### WORK TASK
Reproduce, exactly and in full, the lines from the one with "Arlene – Mocassini" through the one with "Grynna är en" in the data below; drop pictures.

### EXCERPTED RECORDS
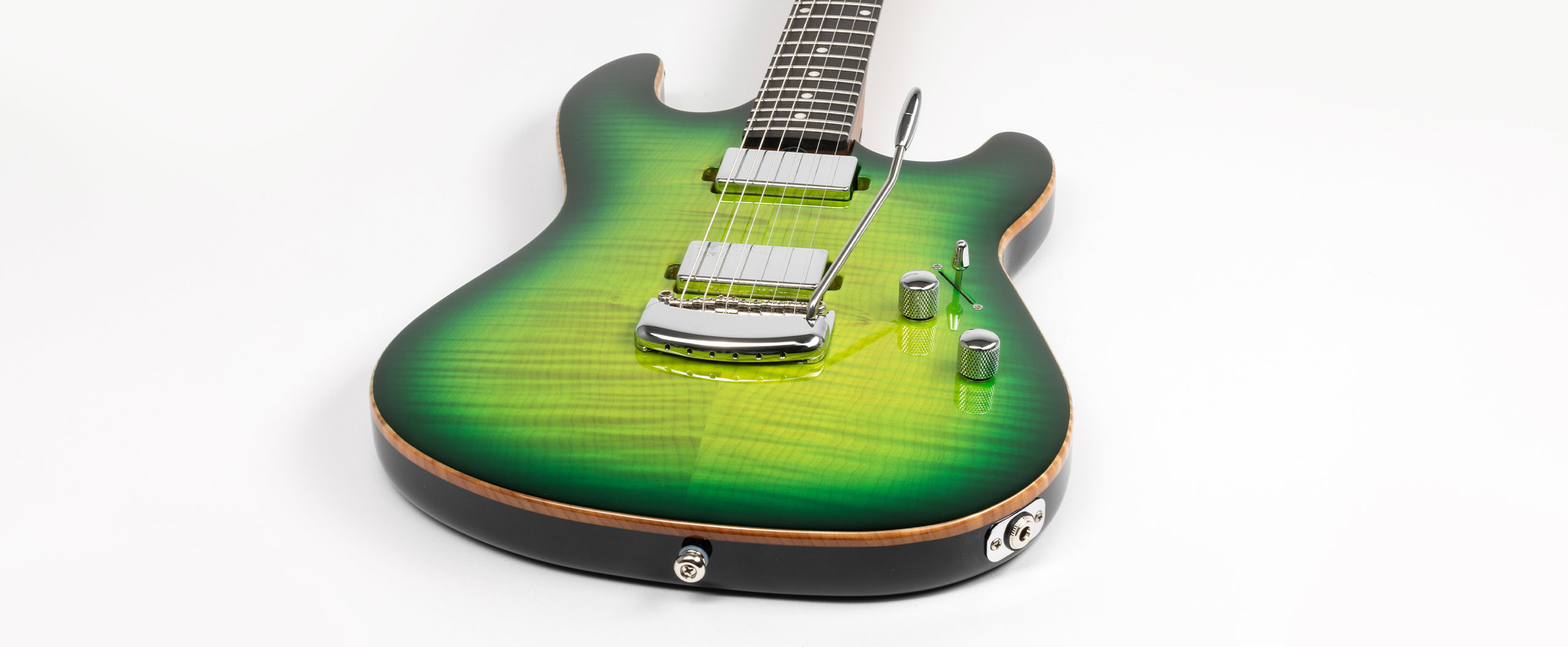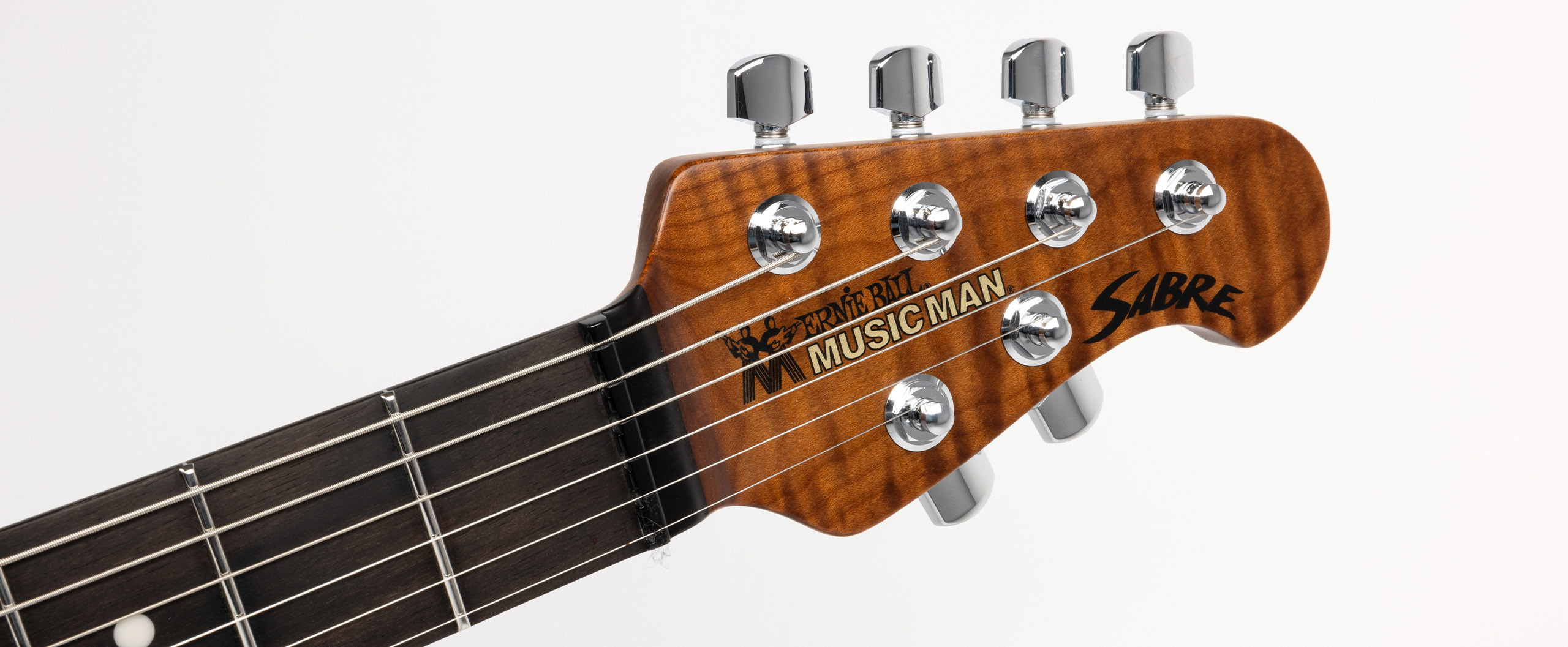 A estos se suman 22 trastes de acero inoxidable, clavijas de bloqueo Schaller y un trémolo Music Man Modern con tapa en forma de media luna y silletas de acero dobladas. Todo ello parece dar como resultado lo que quizás sea la mejor versión de la Sabre hasta el momento.
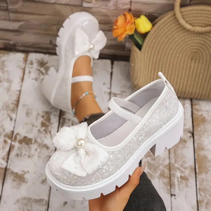 Arlene – Mocassini da donna con paillettes e tacco grosso
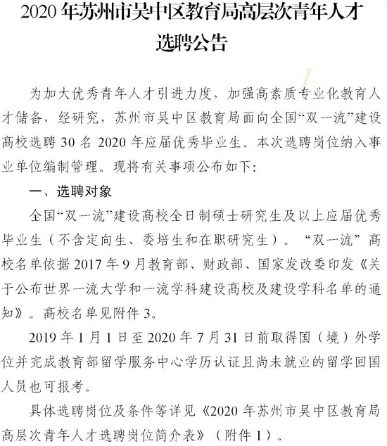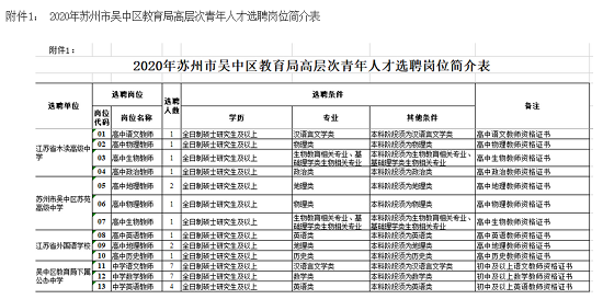 2020年蘇州市吳中區(qū)教育局高層次青年人才選聘公告
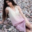 Grynna är en lätt, oversize slipover, som stickas med tre trådar Fin Mohair Silke i två nyanser som glider över i varandra. Bålen stickas runt nedifrån med ett flätmönster mitt fram och bak. Efter bålen delar du upp i bak- och framstycke som stickas separat. Till sist plockar du upp maskor runt ärmhålen och stickar resår. Du virkar även ett varv fasta maskor runt halsöppningen.
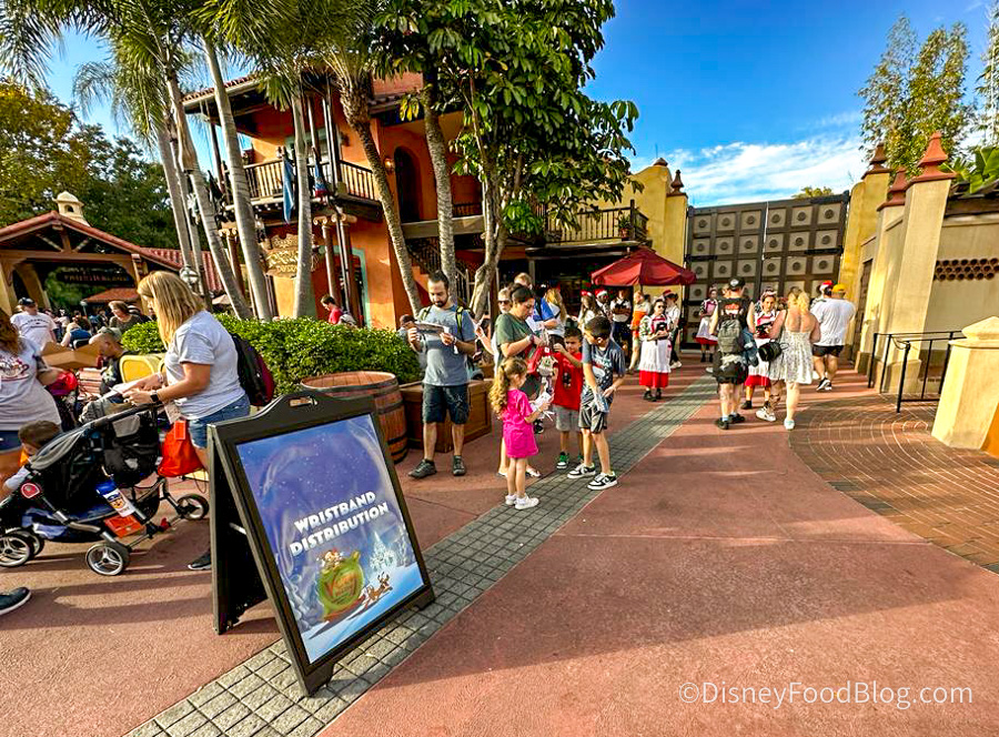 If you’ve already used a park ticket earlier to experience Magic Kingdom for the day (meaning you’ve scanned a separate park ticket for entrance earlier in the day), you can pick up your wristband at different spots around the park — like this one in Adventureland.
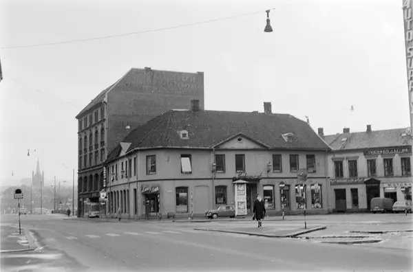 torg, forretningsgårder, Brugården, Brogaarden restaurant, biler, kvinne
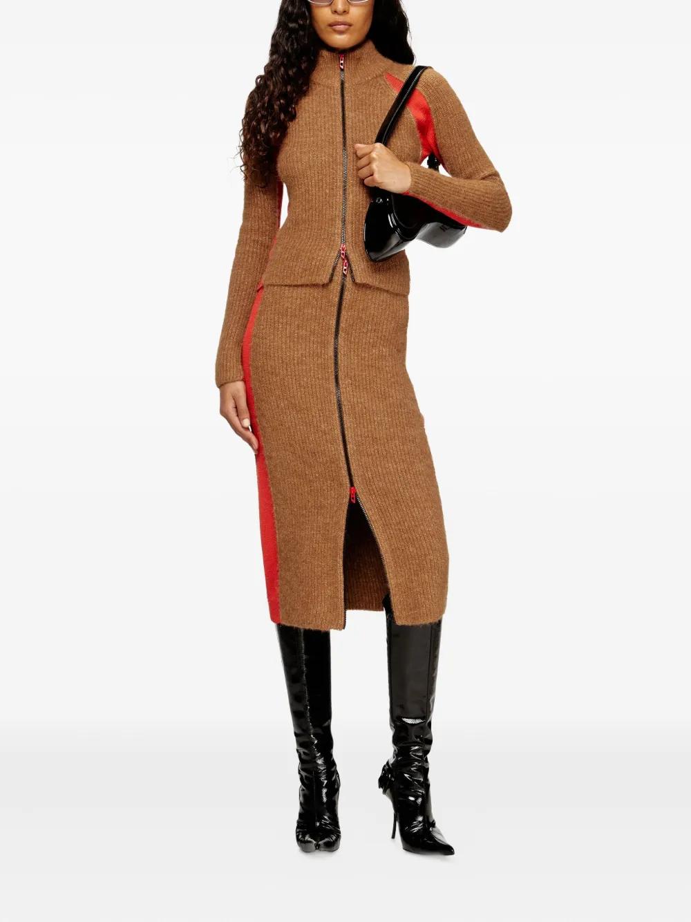 Diesel ribbed side-stripes zip-front midi straight skirt - Brown

### EXERCISE ANSWER
 Arlene – Mocassini da donna con paillettes e tacco grosso
 2020年蘇州市吳中區(qū)教育局高層次青年人才選聘公告
 Grynna är en lätt, oversize slipover, som stickas med tre trådar Fin Mohair Silke i två nyanser som glider över i varandra. Bålen stickas runt nedifrån med ett flätmönster mitt fram och bak. Efter bålen delar du upp i bak- och framstycke som stickas separat. Till sist plockar du upp maskor runt ärmhålen och stickar resår. Du virkar även ett varv fasta maskor runt halsöppningen.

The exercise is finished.